WHAT YOU NEED TO DO >> Because the copy must hold no pictures, return the data below with all of its words intact.

GIVEN MATERIAL >>
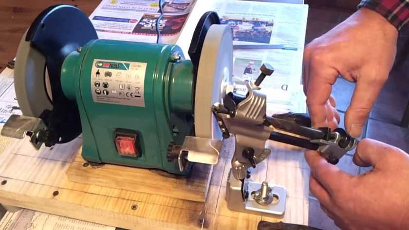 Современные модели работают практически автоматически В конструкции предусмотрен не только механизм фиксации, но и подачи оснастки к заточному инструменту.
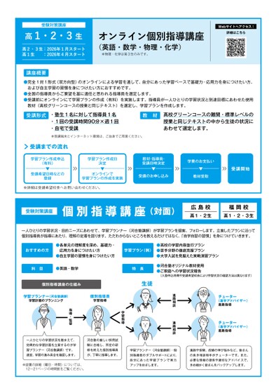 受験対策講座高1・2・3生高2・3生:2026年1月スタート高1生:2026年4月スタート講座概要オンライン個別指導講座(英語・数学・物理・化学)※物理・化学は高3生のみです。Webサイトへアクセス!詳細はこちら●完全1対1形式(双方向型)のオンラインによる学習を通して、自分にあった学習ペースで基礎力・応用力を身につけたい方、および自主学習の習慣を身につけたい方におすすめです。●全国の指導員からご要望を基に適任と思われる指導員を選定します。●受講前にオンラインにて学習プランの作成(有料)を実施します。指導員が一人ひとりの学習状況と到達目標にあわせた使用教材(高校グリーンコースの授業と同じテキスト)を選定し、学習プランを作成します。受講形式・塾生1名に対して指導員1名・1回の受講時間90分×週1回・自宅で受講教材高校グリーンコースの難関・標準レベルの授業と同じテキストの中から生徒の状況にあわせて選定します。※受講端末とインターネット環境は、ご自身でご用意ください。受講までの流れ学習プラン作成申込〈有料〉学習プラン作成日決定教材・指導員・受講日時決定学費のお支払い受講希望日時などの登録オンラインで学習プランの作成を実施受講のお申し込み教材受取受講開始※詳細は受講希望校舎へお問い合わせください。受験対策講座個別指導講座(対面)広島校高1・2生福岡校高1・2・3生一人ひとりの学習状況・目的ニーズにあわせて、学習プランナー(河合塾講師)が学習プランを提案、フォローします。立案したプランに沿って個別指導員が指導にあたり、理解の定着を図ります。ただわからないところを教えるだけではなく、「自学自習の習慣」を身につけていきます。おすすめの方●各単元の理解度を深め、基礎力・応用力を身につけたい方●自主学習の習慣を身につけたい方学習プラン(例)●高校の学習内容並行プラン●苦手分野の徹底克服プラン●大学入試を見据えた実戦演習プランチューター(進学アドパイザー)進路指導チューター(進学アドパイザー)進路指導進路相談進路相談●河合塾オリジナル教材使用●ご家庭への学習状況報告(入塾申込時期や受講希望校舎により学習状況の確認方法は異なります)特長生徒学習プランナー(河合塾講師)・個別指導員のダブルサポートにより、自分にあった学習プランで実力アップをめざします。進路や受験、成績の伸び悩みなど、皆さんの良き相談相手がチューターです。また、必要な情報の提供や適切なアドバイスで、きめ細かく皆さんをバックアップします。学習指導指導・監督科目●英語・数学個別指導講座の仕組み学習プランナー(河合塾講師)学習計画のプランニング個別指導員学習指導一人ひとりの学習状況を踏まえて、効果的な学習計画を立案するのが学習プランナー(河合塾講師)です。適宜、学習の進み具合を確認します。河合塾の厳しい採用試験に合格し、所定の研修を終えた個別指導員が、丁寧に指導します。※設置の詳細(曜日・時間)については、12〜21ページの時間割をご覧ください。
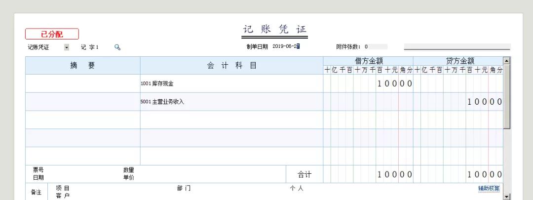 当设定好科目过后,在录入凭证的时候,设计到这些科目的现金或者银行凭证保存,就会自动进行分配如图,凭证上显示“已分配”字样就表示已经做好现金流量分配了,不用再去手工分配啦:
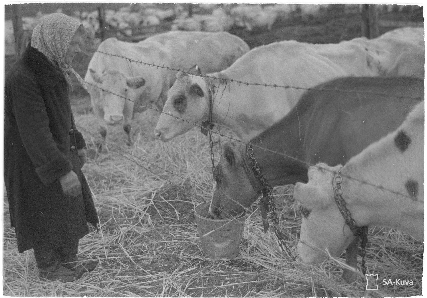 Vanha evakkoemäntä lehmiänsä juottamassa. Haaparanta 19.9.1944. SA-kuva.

OUTPUT >>
 Современные модели работают практически автоматически В конструкции предусмотрен не только механизм фиксации, но и подачи оснастки к заточному инструменту.
 受験対策講座高1・2・3生高2・3生:2026年1月スタート高1生:2026年4月スタート講座概要オンライン個別指導講座(英語・数学・物理・化学)※物理・化学は高3生のみです。Webサイトへアクセス!詳細はこちら●完全1対1形式(双方向型)のオンラインによる学習を通して、自分にあった学習ペースで基礎力・応用力を身につけたい方、および自主学習の習慣を身につけたい方におすすめです。●全国の指導員からご要望を基に適任と思われる指導員を選定します。●受講前にオンラインにて学習プランの作成(有料)を実施します。指導員が一人ひとりの学習状況と到達目標にあわせた使用教材(高校グリーンコースの授業と同じテキスト)を選定し、学習プランを作成します。受講形式・塾生1名に対して指導員1名・1回の受講時間90分×週1回・自宅で受講教材高校グリーンコースの難関・標準レベルの授業と同じテキストの中から生徒の状況にあわせて選定します。※受講端末とインターネット環境は、ご自身でご用意ください。受講までの流れ学習プラン作成申込〈有料〉学習プラン作成日決定教材・指導員・受講日時決定学費のお支払い受講希望日時などの登録オンラインで学習プランの作成を実施受講のお申し込み教材受取受講開始※詳細は受講希望校舎へお問い合わせください。受験対策講座個別指導講座(対面)広島校高1・2生福岡校高1・2・3生一人ひとりの学習状況・目的ニーズにあわせて、学習プランナー(河合塾講師)が学習プランを提案、フォローします。立案したプランに沿って個別指導員が指導にあたり、理解の定着を図ります。ただわからないところを教えるだけではなく、「自学自習の習慣」を身につけていきます。おすすめの方●各単元の理解度を深め、基礎力・応用力を身につけたい方●自主学習の習慣を身につけたい方学習プラン(例)●高校の学習内容並行プラン●苦手分野の徹底克服プラン●大学入試を見据えた実戦演習プランチューター(進学アドパイザー)進路指導チューター(進学アドパイザー)進路指導進路相談進路相談●河合塾オリジナル教材使用●ご家庭への学習状況報告(入塾申込時期や受講希望校舎により学習状況の確認方法は異なります)特長生徒学習プランナー(河合塾講師)・個別指導員のダブルサポートにより、自分にあった学習プランで実力アップをめざします。進路や受験、成績の伸び悩みなど、皆さんの良き相談相手がチューターです。また、必要な情報の提供や適切なアドバイスで、きめ細かく皆さんをバックアップします。学習指導指導・監督科目●英語・数学個別指導講座の仕組み学習プランナー(河合塾講師)学習計画のプランニング個別指導員学習指導一人ひとりの学習状況を踏まえて、効果的な学習計画を立案するのが学習プランナー(河合塾講師)です。適宜、学習の進み具合を確認します。河合塾の厳しい採用試験に合格し、所定の研修を終えた個別指導員が、丁寧に指導します。※設置の詳細(曜日・時間)については、12〜21ページの時間割をご覧ください。
 当设定好科目过后,在录入凭证的时候,设计到这些科目的现金或者银行凭证保存,就会自动进行分配如图,凭证上显示“已分配”字样就表示已经做好现金流量分配了,不用再去手工分配啦:
 Vanha evakkoemäntä lehmiänsä juottamassa. Haaparanta 19.9.1944. SA-kuva.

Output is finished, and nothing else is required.